A cette brillante offensive des Anglais, notre offensive, à nous, ne pouvait manquer de donner la réplique. Elle s’est, en effet, déclenchée le lundi 16 avriI, de grand matin, « sur une étendue de quarante kilomètres, » et elle a, de prime assaut, réduit en notre pouvoir, dans le secteur le plus occidental, entre Soissons et Craonne, toute la première position allemande. Dans le second secteur, à l’Est de Craonne, nos troupes ont enlevé la deuxième position ennemie. Le mardi 17, nous avons élargi notre action à l’Est de Reims et, sur un nouveau front de quinze kilomètres, également « enlevé toute la première position allemande. » En même temps, nous conquérions, au Sud de Moronvilliers, et sur une distance de onze kilomètres, « une ligne de hauteurs solidement organisées, depuis le Mont-Cornillet jusqu’à l’Est de Vaudesincourt. » Puis, sur trois autres kilomètres, autour du village d’Aubérive, nous brisions le saillant puissamment fortifie que formaient les lignes ennemies. Ces résultats, qui n’étaient que de premiers résultats, étaient fort beaux ; mais il sera sans doute permis d’avouer, maintenant qu’ils ont été consolidés et agrandis, qu’ils parurent d’abord médiocres, au gré de notre impatience. Au gré aussi de notre ignorance, qui ne tenait nul compte des difficultés que la nature et l’art infernal des Allemands avaient comme à l’envi entassées dans ce coin. Un simple coup d’œil jeté, si l’on pouvait le faire, sur le « plan directeur » aurait vite fait de renverser cette impression non moins fausse qu’injuste. Loin de nous étonner que nos soldats n’aient pas, principalement à notre gauche, tout emporté du premier coup, il faut nous émerveiller qu’ils en soient venus à bout du second. Il faut les admirer, les féliciter et les remercier.
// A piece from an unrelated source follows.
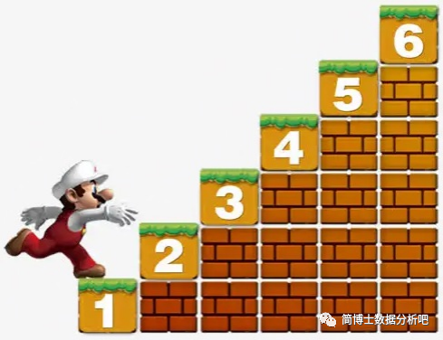 在咱们开始讲解AdaBoost前向分步算法之前,我们先来了解一下回归中的前向思想,这个思想顾名思义,就像下面的「超级玛丽」一层层爬楼一样,逐步升级。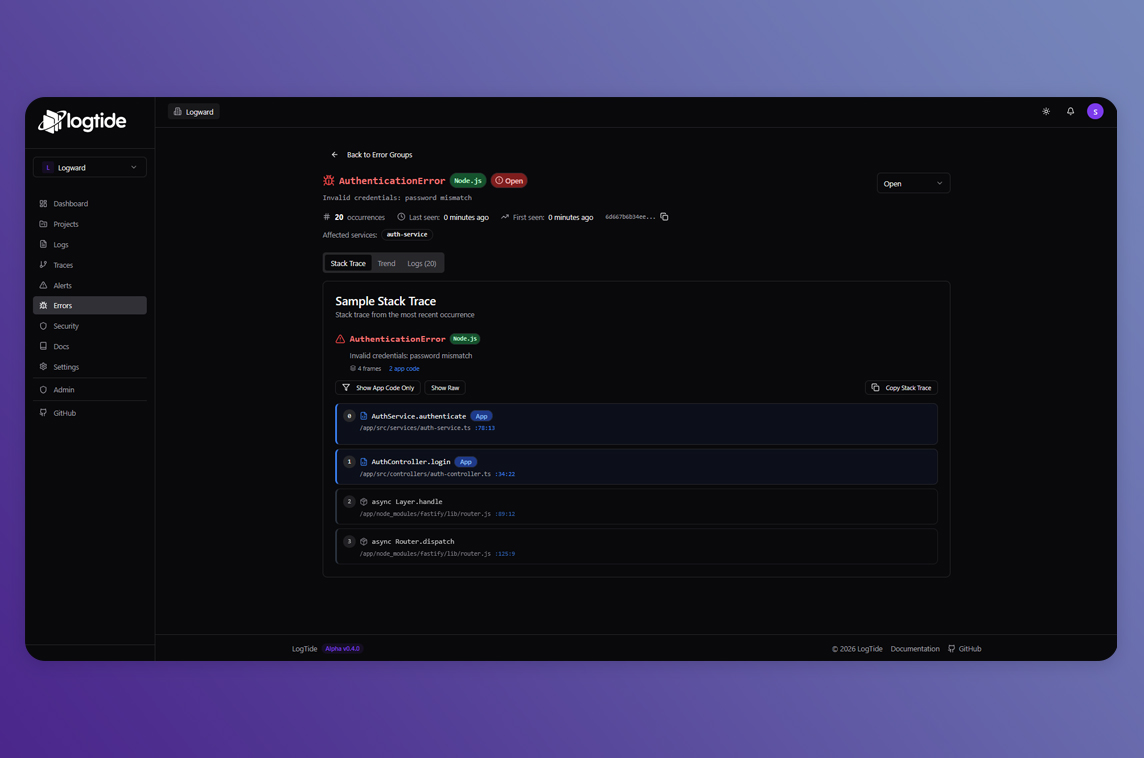 The LogTide dashboard is made with SvelteKit!"

Ce serait un énorme travail de débrouiller, sur le papier seulement, et de rompre, rien que par l’esprit, toutes ces mailles d’un filet diabolique qui s’entre-croisent et s’emmêlent. Jugez de ce que ce devait être sur une terre détrempée et fondante, sous des rafales de pluie et de neige, quand on était obligé d’y aller de tout le corps, des pieds et des mains, en face d’ennemis nombreux, serrés comme des grains de sable, couverts par une abondante artillerie, et animés à résister avec acharnement !

Pourtant, nos imaginations, affranchies de ce que la réalité comporte nécessairement de lenteur et de pesanteur, fouettées par d’immenses espérances, aiguillonnées par le spectacle affreux du martyre de la patrie, avaient volé, d’un battement d’ailes, jusqu’à Laon ; et le fait est que, le mardi matin, nos troupes, à bout d’haleine, s’étaient arrêtées au bas des pentes du plateau. Mais, le mercredi, elles les escaladaient, après avoir emporté les villages de Chavonne, de Chivy, tout le terrain jusqu’aux abords de Braye-en-Laonnois. Dans la suite, nous nous emparions, au Nord de Chavonne, du village d’Ostel, du village même de Braye-en-Laonnois, de tout le terrain jusqu’au Tilleul de Courtecon, où nous croisions le légendaire Chemin des Dames. L’un après l’autre, nous prenions, de gauche à droite, dans les coupures qui, du Sud au Nord, entament le plateau, Laffaux, Nanteuil-la-Fosse, Sancy, Jouy, Aizy. « Sur la rive Sud de la rivière, — ce sont les termes du communiqué, — une attaque vivement menée nous donnait la tête de pont organisée par l’ennemi entre Condé et Vailly, ainsi que cette dernière localité tout entière, » ce qui faisait aussitôt tomber le fort de Condé-sur-Aisne. Le deuxième secteur, celui de Craonne, est un pays prédestiné à l’histoire et tout retentissant de noms illustres. Voici, autour de Craonne même, à l’Ouest, la ferme de Heurtebise, le plateau de Vauclerc, que nous tenons ; à l’Est et au Sud-Est, Juvincourt, que les Allemands nous disputent âprement, la Ville-aux-Bois, contre laquelle ils exercent en vain leur fureur. Puis nous entrons, par Berry-au-Bac, Sapigneul et le Godat, qui forment liaison, dans le troisième secteur, à jamais célèbre, lui aussi, le secteur de Reims. Nous battons l’ennemi, à Berméricourt, à Loivre, à Courcy, dans le périmètre du fort de Brimont qui, dit-on, ne répond plus. De l’autre côté de Reims, nous nous sommes installés sur la chaîne de hauteurs qui court du Mont-Cornillet au Mont-Haut, à la Cote 227, au bois de Moronvilliers, positions réputées longtemps inexpugnables, et que, de la vallée de la Suippe, nos jeunes officiers allaient considérer, l’année dernière, avec envie, comme autant de cimes interdites.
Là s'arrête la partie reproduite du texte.